Экспериментальная повесть, цинично препарирующая естество, пропитанная метадепрессией, вывернутой наизнанку.Деструктивный аскетизм, потакание тлетворным порокам, опустошающий рационализм – три истории, герои которых олицетворяют разные аспекты человеческого бытия, связанные одним городом, увязшим в бесконечной рутине и увядающим без надежды на будущее.

Так пахнет аммиак

Роман Ра

Дизайнер обложки Анна Свирская

© Роман Ра, 2024

© Анна Свирская, дизайн обложки, 2024

ISBN 978-5-0062-1343-2

Создано в интеллектуальной издательской системе Ridero

I

Этот город – чертовски чёрный, нескладный, с нестройными улочками и щербатыми дорогами, – пах серой и кислотой.
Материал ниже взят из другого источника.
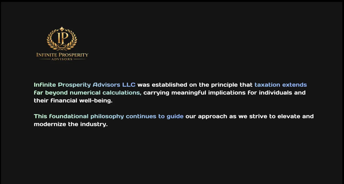 At Infinite Prosperity Advisors LLC, we are committed to helping individuals, families, and business owners achieve financial clarity, confidence, and long-term success. Specializing in tax preparation and strategic financial guidance, our mission is simple: to provide accurate, reliable, and results-driven services that put our clients in a stronger financial position year after year.
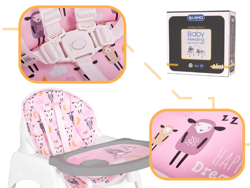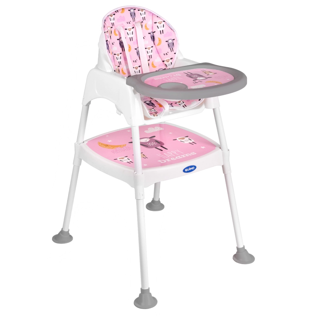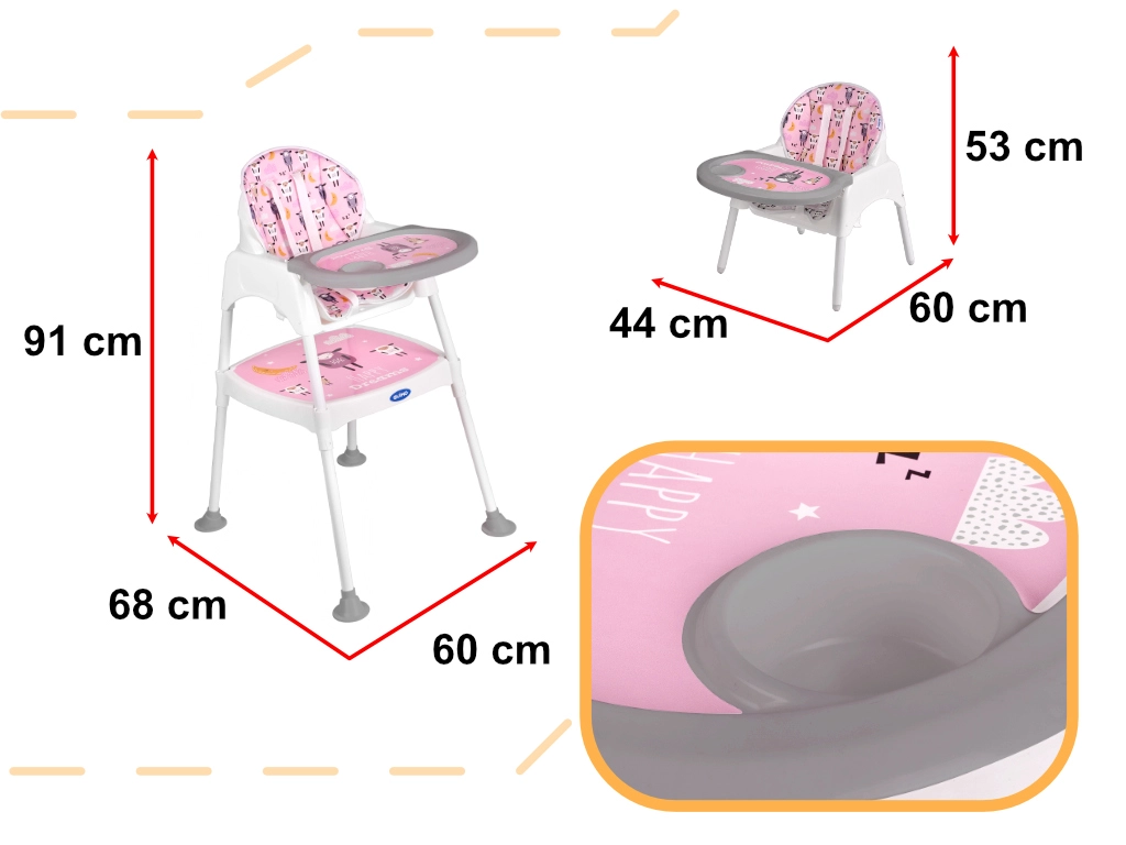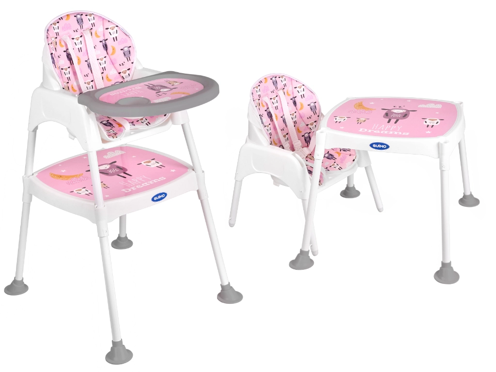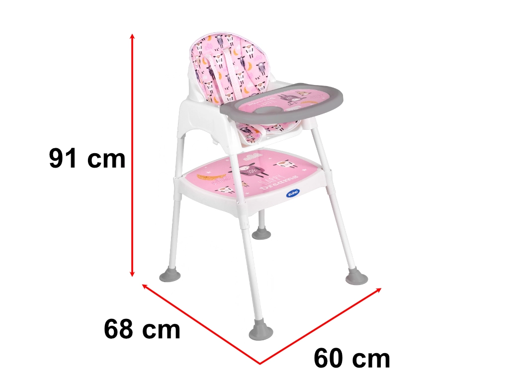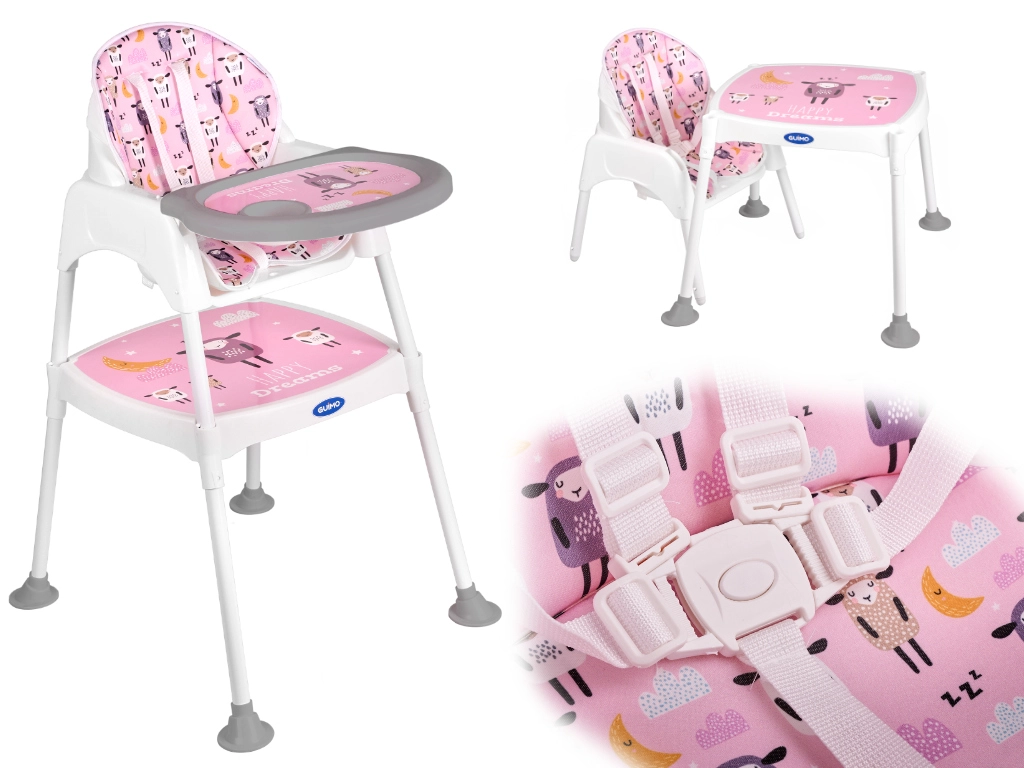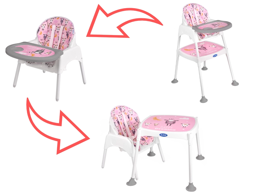 Praktická dětská jídelní židlička 3 v 1 s možností přeměny na samostatnou židličku a stolek roste s vaším dítětem od 6 měsíců do cca 6 let. Nabízí stabilní konstrukci, pětibodové pásy, snadno omyvatelné povrchy a měkké polstrování s možností praní. Ideální pro krmení, hraní i tvoření.

День ото дня люди здесь в лихорадочной отрешённости делали одно и то же, не ставя высоких целей, не строя далеко идущих планов, и так проходили десятки лет. В серости монотонной жвачки жизни угасали, не успев родиться, и блуждали в облике бледных мертвецов среди до безобразного кривых высоток, не замечали под собой земли и мало-помалу вычерпывали носками башмаков холодные лужи, не обращали глаза к небу, обтянутому тёмной пеленой будто на веки осевших здесь туч. Время… замерло, остановилось. Или же оно никогда и не шло вовсе. С рождения застрявший в одном дне несчастный никогда не сможет в точности сказать, а было ли когда-то иначе.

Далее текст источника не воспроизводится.